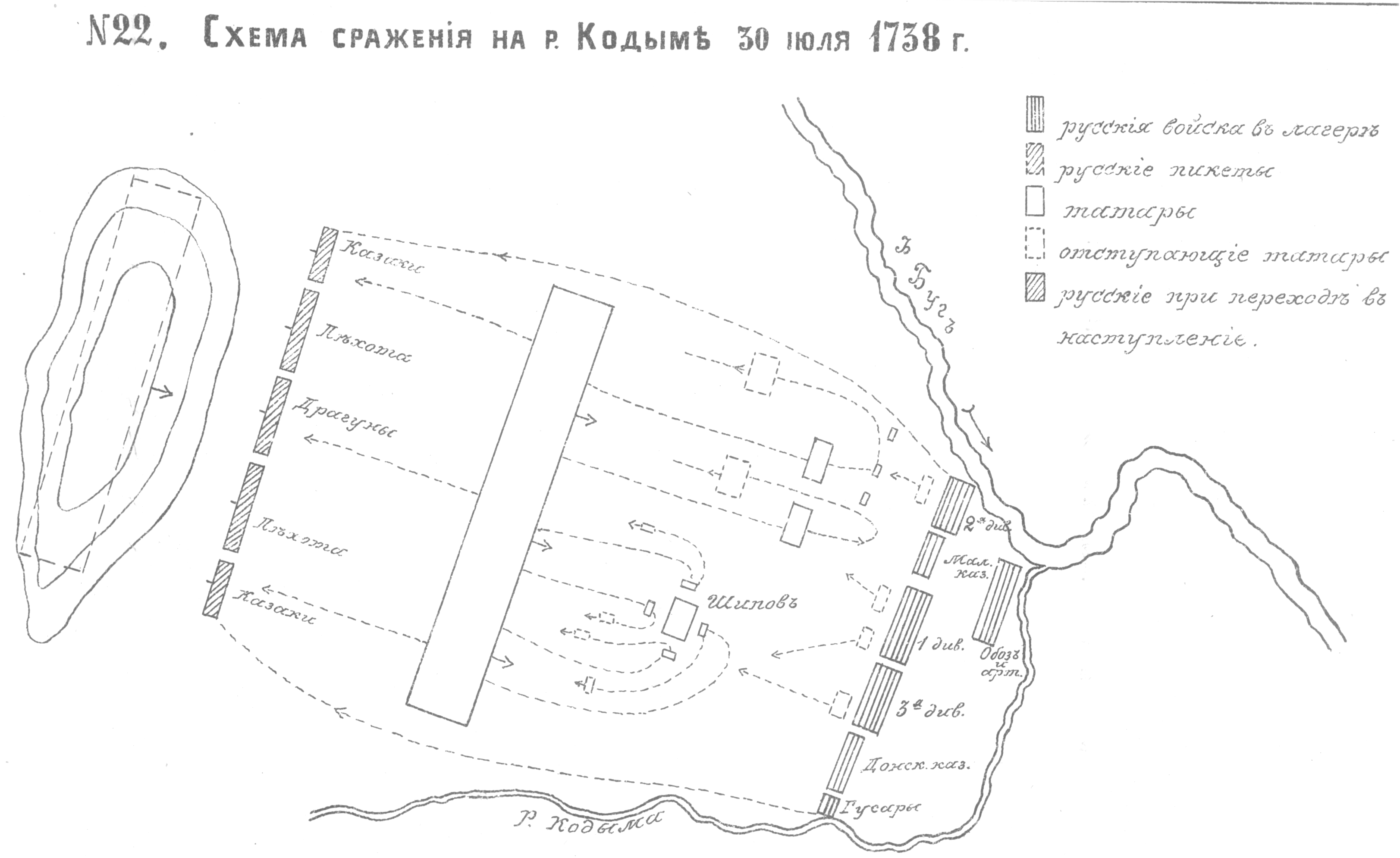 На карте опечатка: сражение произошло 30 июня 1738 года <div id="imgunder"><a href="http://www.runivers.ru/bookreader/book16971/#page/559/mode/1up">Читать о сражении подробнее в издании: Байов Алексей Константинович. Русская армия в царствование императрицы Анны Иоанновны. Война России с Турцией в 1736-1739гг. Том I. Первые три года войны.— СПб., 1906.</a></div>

==

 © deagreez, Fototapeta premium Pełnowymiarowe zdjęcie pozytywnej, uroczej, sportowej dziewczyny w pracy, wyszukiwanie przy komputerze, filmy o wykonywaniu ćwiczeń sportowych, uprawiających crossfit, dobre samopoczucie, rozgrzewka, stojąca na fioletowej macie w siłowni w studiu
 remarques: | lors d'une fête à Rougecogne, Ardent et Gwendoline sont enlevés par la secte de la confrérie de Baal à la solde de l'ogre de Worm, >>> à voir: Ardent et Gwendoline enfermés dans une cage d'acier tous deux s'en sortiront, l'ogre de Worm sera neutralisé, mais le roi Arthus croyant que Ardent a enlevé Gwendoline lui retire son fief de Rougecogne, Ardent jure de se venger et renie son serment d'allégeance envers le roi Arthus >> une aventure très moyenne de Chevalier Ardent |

==

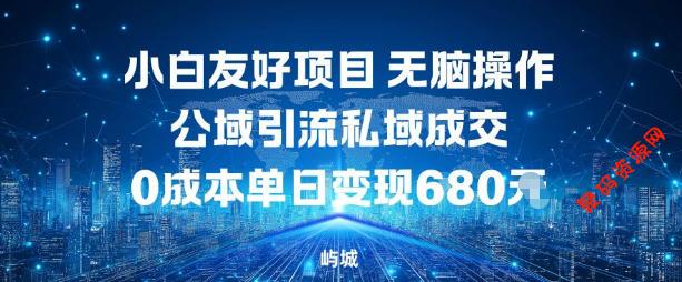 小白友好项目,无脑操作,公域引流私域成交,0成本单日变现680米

• [Aim of the task]:
Look above for the line with "siłowni w studiu"; retype exactly that line, every line after it up to the line with "remarques: | lors", and that line too, nothing else.

• [Answer for this exercise]:
 © deagreez, Fototapeta premium Pełnowymiarowe zdjęcie pozytywnej, uroczej, sportowej dziewczyny w pracy, wyszukiwanie przy komputerze, filmy o wykonywaniu ćwiczeń sportowych, uprawiających crossfit, dobre samopoczucie, rozgrzewka, stojąca na fioletowej macie w siłowni w studiu
 remarques: | lors d'une fête à Rougecogne, Ardent et Gwendoline sont enlevés par la secte de la confrérie de Baal à la solde de l'ogre de Worm, >>> à voir: Ardent et Gwendoline enfermés dans une cage d'acier tous deux s'en sortiront, l'ogre de Worm sera neutralisé, mais le roi Arthus croyant que Ardent a enlevé Gwendoline lui retire son fief de Rougecogne, Ardent jure de se venger et renie son serment d'allégeance envers le roi Arthus >> une aventure très moyenne de Chevalier Ardent |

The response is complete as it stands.